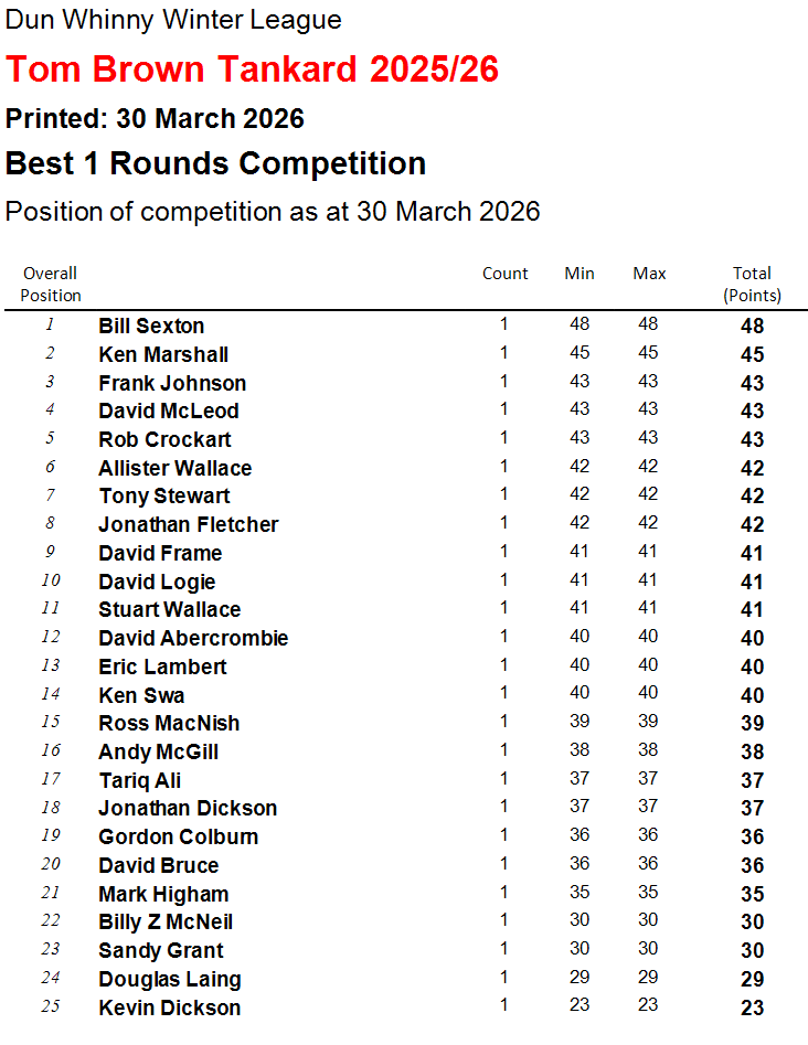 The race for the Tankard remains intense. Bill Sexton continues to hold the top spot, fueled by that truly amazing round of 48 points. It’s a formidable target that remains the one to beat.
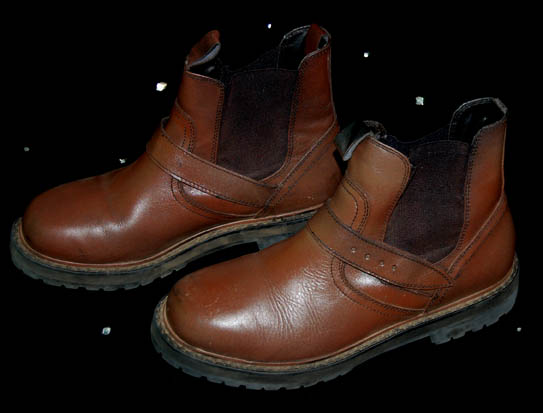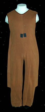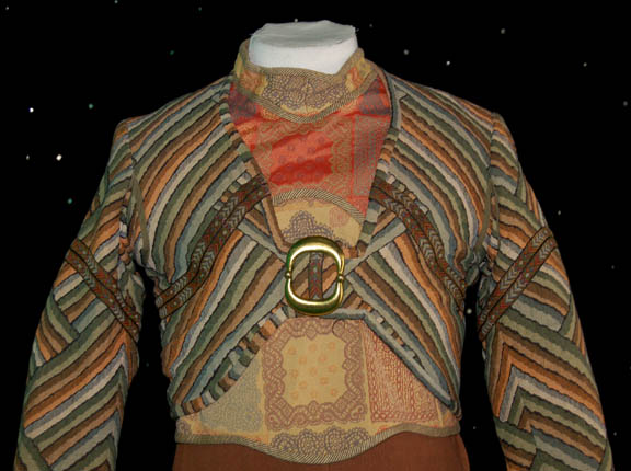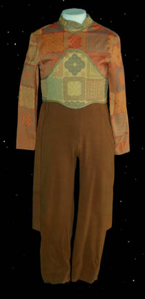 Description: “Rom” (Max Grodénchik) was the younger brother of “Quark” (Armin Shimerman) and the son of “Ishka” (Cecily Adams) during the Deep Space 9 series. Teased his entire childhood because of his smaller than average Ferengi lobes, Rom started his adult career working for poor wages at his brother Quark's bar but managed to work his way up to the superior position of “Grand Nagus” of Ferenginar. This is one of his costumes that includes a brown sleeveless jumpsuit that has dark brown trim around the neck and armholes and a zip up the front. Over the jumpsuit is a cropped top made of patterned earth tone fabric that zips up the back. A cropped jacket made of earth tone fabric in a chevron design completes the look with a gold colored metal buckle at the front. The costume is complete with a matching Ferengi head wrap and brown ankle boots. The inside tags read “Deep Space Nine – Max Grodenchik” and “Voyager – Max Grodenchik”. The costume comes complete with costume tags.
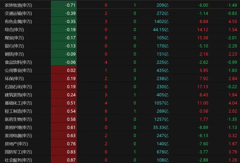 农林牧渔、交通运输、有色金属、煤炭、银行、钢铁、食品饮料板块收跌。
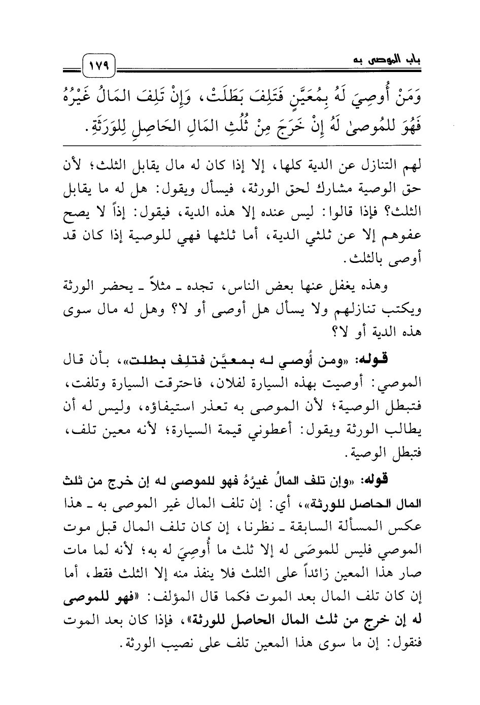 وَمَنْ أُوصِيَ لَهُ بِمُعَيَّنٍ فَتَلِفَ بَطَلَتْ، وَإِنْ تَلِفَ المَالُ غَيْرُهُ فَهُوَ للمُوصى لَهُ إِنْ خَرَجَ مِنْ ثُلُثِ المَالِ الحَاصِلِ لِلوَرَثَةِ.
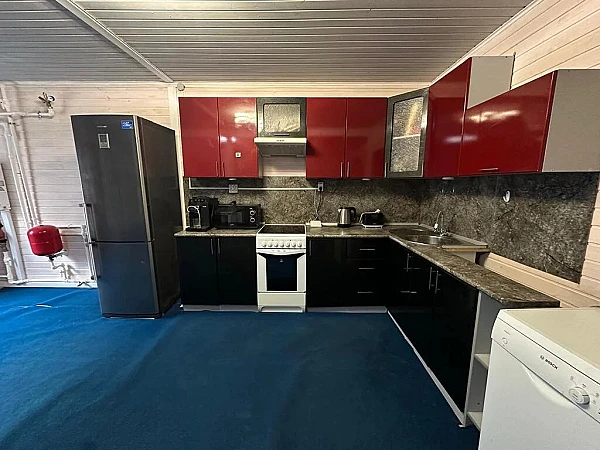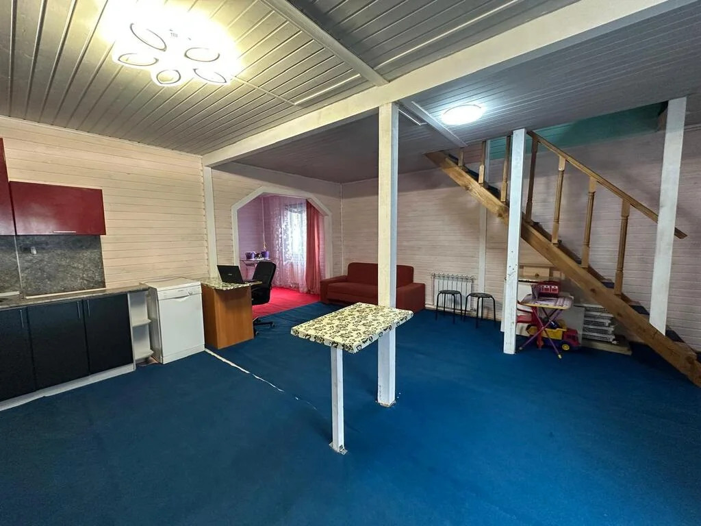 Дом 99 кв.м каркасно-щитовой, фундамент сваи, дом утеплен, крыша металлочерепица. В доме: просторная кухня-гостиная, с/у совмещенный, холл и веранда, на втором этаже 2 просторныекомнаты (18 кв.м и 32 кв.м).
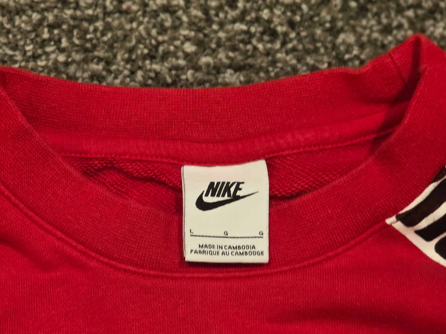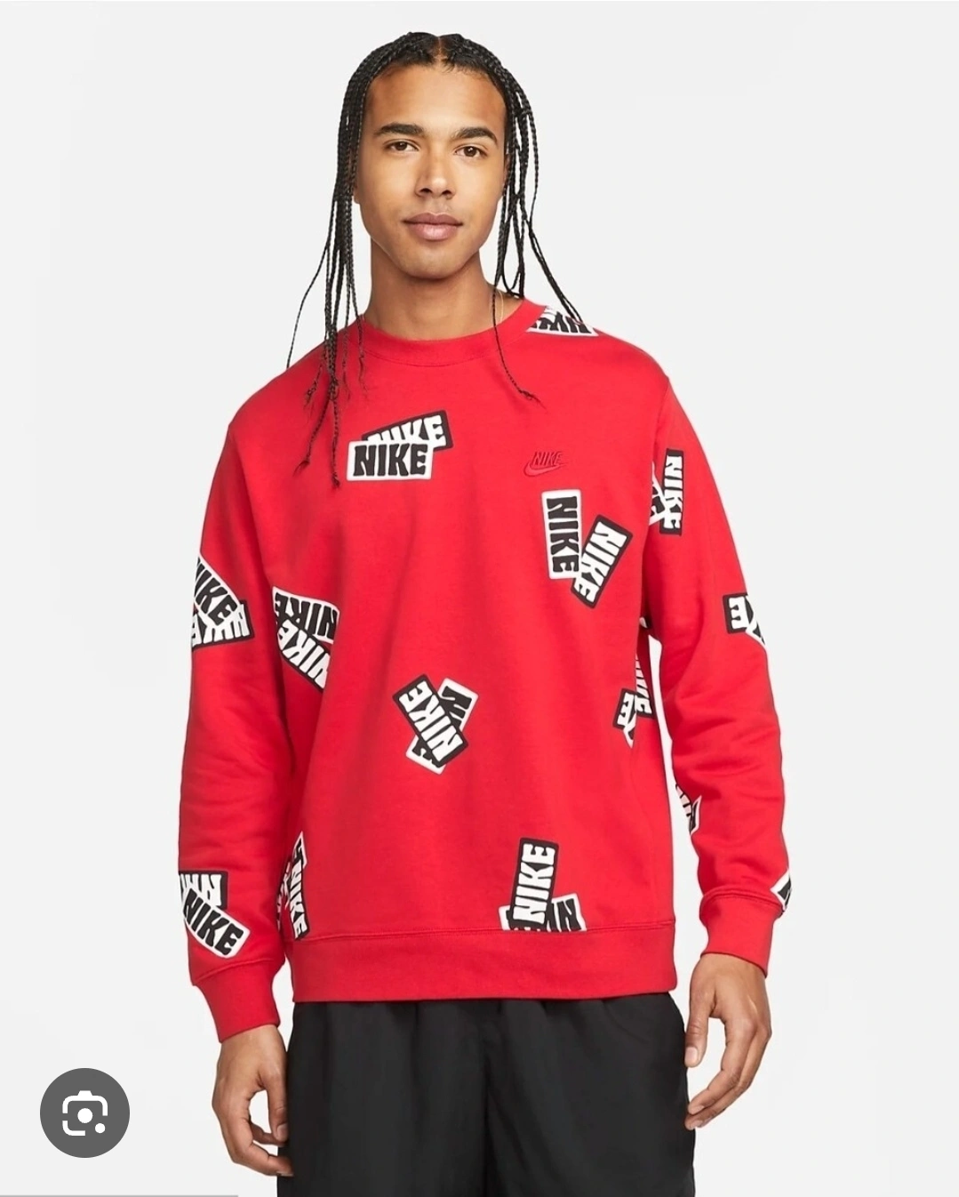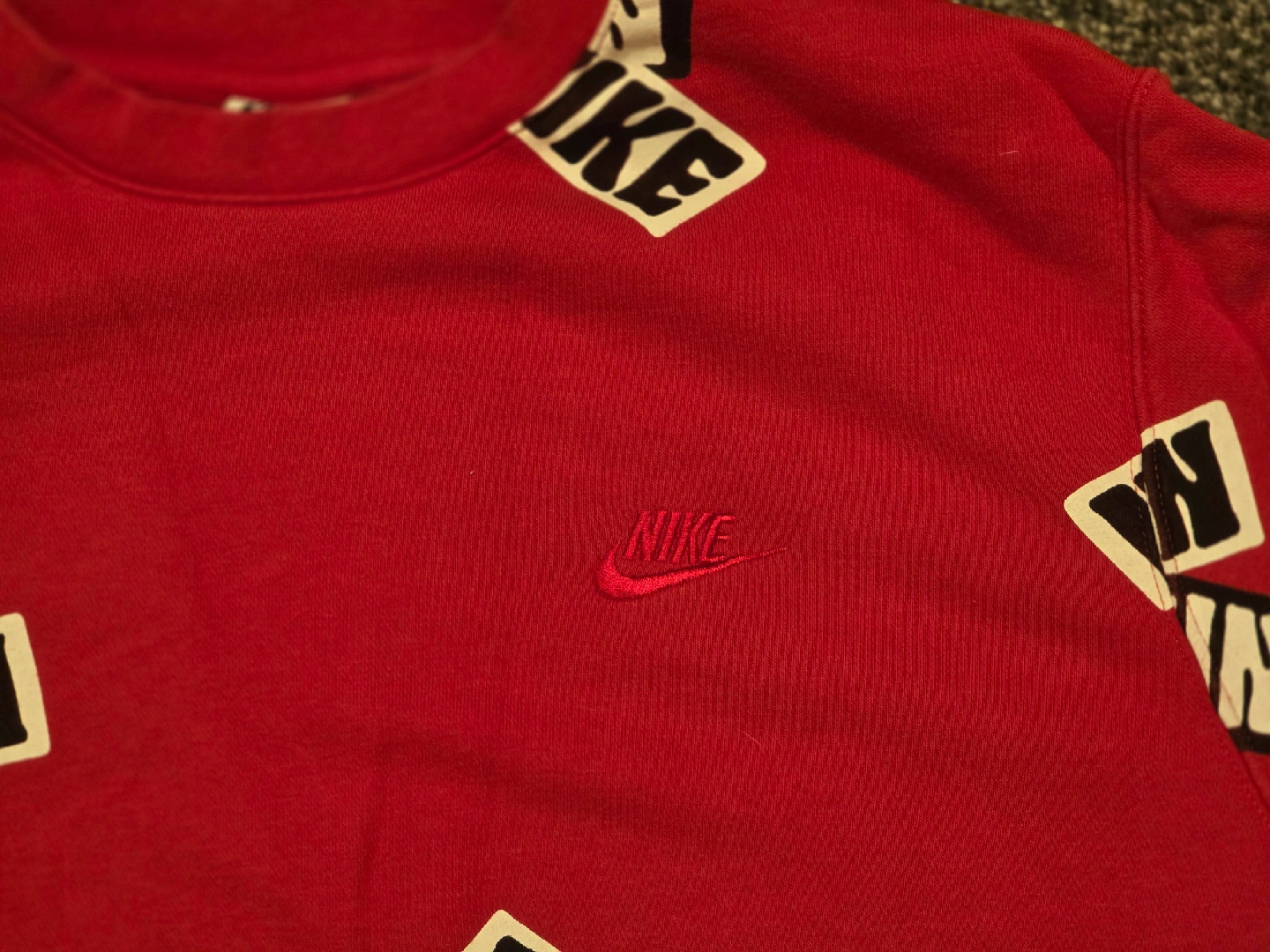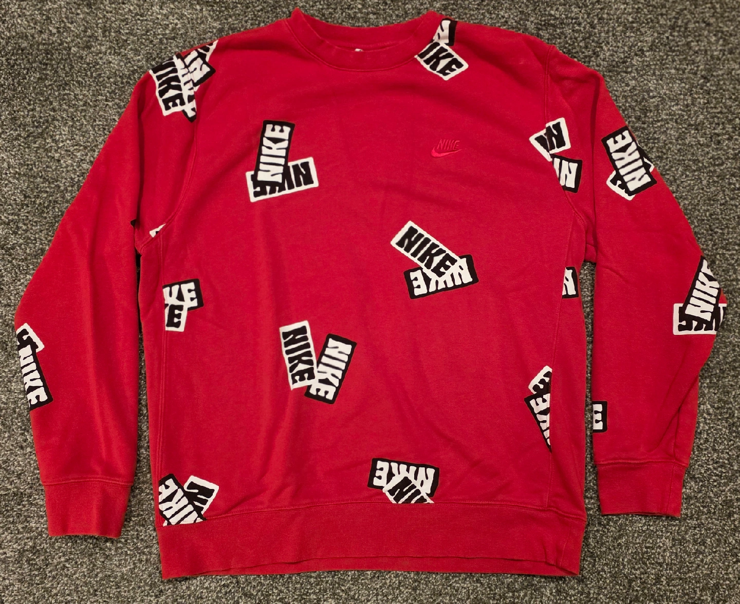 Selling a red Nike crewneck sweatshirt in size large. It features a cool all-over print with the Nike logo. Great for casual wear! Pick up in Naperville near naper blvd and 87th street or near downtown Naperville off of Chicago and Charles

───

## AIM OF THE TASK
Output only the lines from the line that contains "农林牧渔、交通运输、有色金属、煤炭、银行、钢铁、食品饮料板块收跌。" through the end of the material, both ends included, and skip every picture.

## YOUR RESPONSE
 农林牧渔、交通运输、有色金属、煤炭、银行、钢铁、食品饮料板块收跌。
 وَمَنْ أُوصِيَ لَهُ بِمُعَيَّنٍ فَتَلِفَ بَطَلَتْ، وَإِنْ تَلِفَ المَالُ غَيْرُهُ فَهُوَ للمُوصى لَهُ إِنْ خَرَجَ مِنْ ثُلُثِ المَالِ الحَاصِلِ لِلوَرَثَةِ.
 Дом 99 кв.м каркасно-щитовой, фундамент сваи, дом утеплен, крыша металлочерепица. В доме: просторная кухня-гостиная, с/у совмещенный, холл и веранда, на втором этаже 2 просторныекомнаты (18 кв.м и 32 кв.м).
 Selling a red Nike crewneck sweatshirt in size large. It features a cool all-over print with the Nike logo. Great for casual wear! Pick up in Naperville near naper blvd and 87th street or near downtown Naperville off of Chicago and Charles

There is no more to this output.